Fuel For ’71 ‘Cuda

Tech Question

 

Terje Carlin, Uddevalla, Sweden, 1971 Plymouth Cuda 340

Hi!
I have in my garage a ’71 Cuda 340 with only 30,000 miles on the meter. It has been stored in a garage since ’76 and I am about to make it for use in the streets again. The big problem is that the Cuda is an untouched, complete original car.
What to do with the problems of today’s unleaded fuel? I don’t want to use lead substitutes. A Swedish rally engine builder with some experience on American engines told me that there should be no problem to use original heads (with no hardened seats), only change to good stainless valves with chromed stems. This because the low horsepower output of the original motor will not create harmful heat on the seats. Is this really truth?

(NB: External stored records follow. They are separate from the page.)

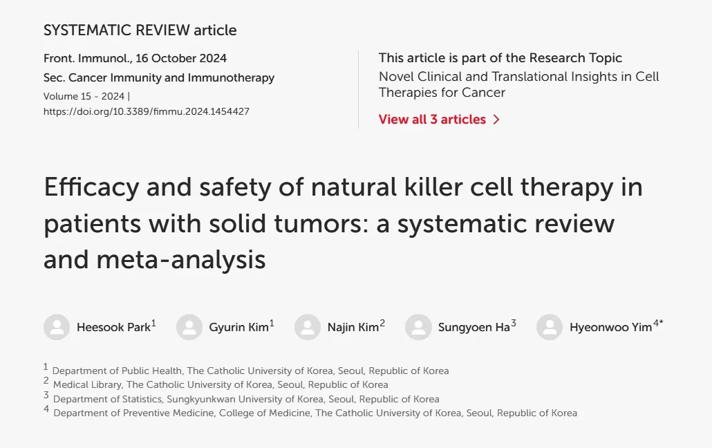 2024 年 10 月 16 日,韩国首尔天主教大学在行业权威期刊《Front Immunol》上重磅发表了一篇题为《Efficacy and safety of natural killer cell therapy in patients with solid tumors: a systematic review and meta-analysis》的综述报告,为 NK 细胞疗法在实体瘤治疗领域的应用提供了强有力的理论支撑。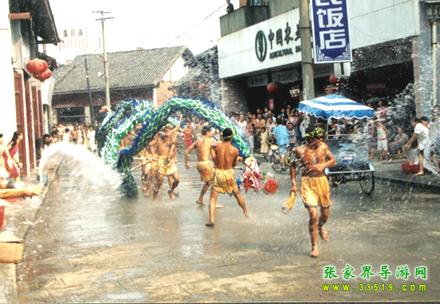 張家界潑水龍又叫“澆水龍”,于唐朝時期由移居本地的白族興起演變而成,在永定區(qū)的尹家溪鎮(zhèn)西尹村、莫家崗村十分盛行,是當(dāng)?shù)?a class="insidelink" href="http://www.xc6688s.com/fengqing/" title="土家族">土家族,白族、苗族在天熱干旱時節(jié)求雨祈福的一種形式。一旦出現(xiàn)旱災(zāi),當(dāng)?shù)仡^面人物就會出來組織潑水龍,演出極其隆重。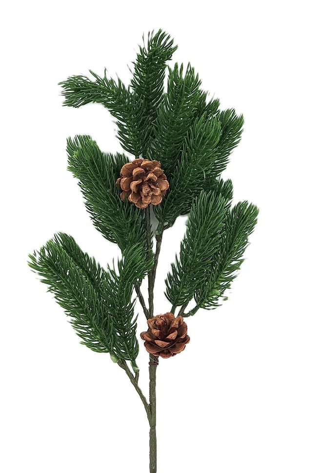 Větvička chvojí má 5 výhonů se 3 větvičkami jehličí, a proto je můžete odstříhat a vložit do truhlíků, košíků nebo jako výplň menších dekoračních nádob. Na větvičce 2 ks sušených přírodních šišek borovice.
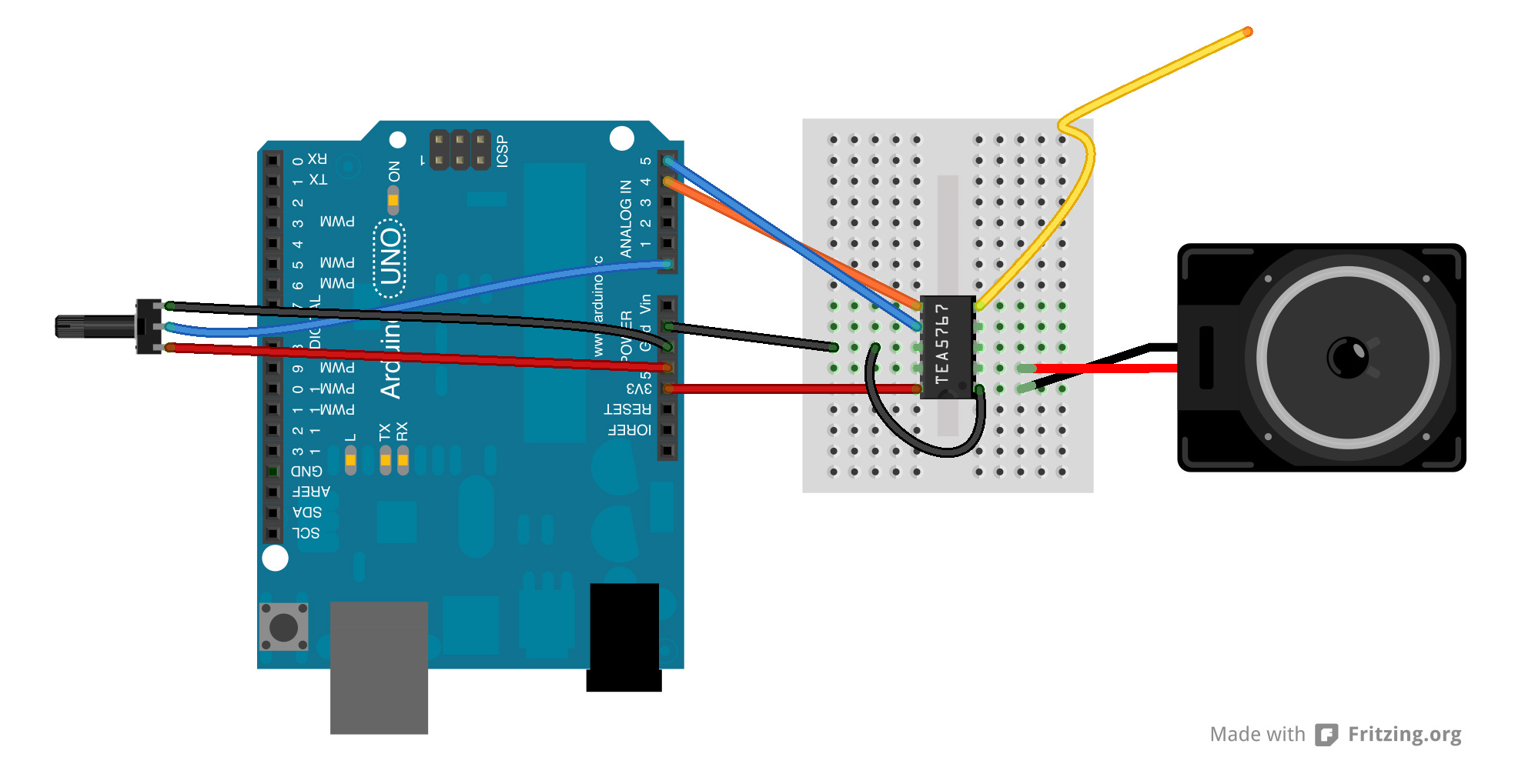 The TEA5767 can be controlled using either Serial or I2C, so it's really flexible. It's not very powerful, so you'll need an audio amplifier to hear anything. I used an Adafruit MAX98306 amp breakout that I had from a former project. I won't get any style-points for this setup, but I'm glad I got it to work almost right away. This instructable made the code part really easy. Using a 10k pot to control the frequency also highlighted that more than 10-bit resolution would be nice (for better precision) or maybe one should rather use an encoder? Good learning fun anyway. Here's a vid of it working.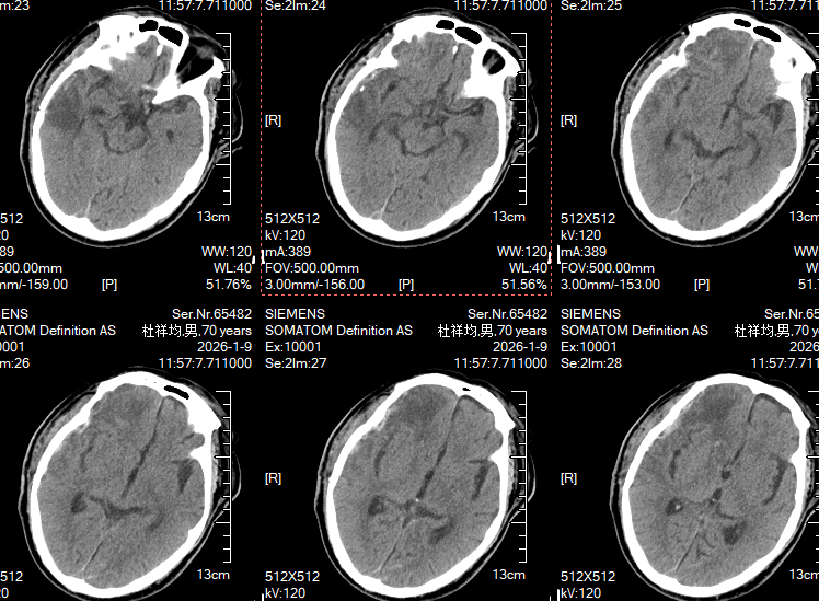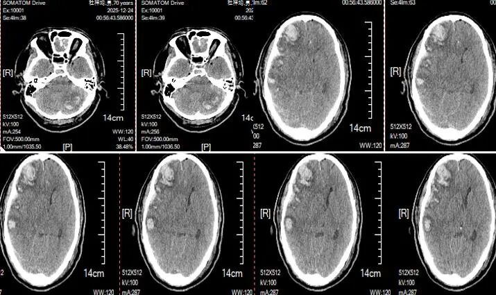 患者入院时已处于深昏迷状态,无自主呼吸,血压持续偏低,需依靠大剂量升压药维持;右侧瞳孔散大,提示脑疝形成,同时伴有严重创伤性休克、血氧饱和度仅82%,肋骨及骨盆多发骨折、双侧血气胸和腹腔脏器损伤等多系统损伤。神经外科重症监护室立即开启创伤救治绿色通道,在积极进行重症支持的同时,迅速完成相关检查与评估。

I’m more into putting on MP head P5249574 and save the original heads untouched. It’s important that the car looks original. What to do?

 

Terje-

I disagree with the engine builder on 2 points:

A ’71 340 is not, in my estimation, a low output engine!
The seats usually “go” before the valves – they get pounded into recession – thay are just cast grey iron (with a bit of nickel.)

Having said that, I think it would take many years of “normal” street driving for any problems to surface. My recommendation: just drive it. Then, if you rack up another 30-40K, and begin to notice a miss from a less-than-perfect valve seal (which typically shows up first at idle), you can consider whether to install seats in your original “J”-casting heads, or swap something newer on.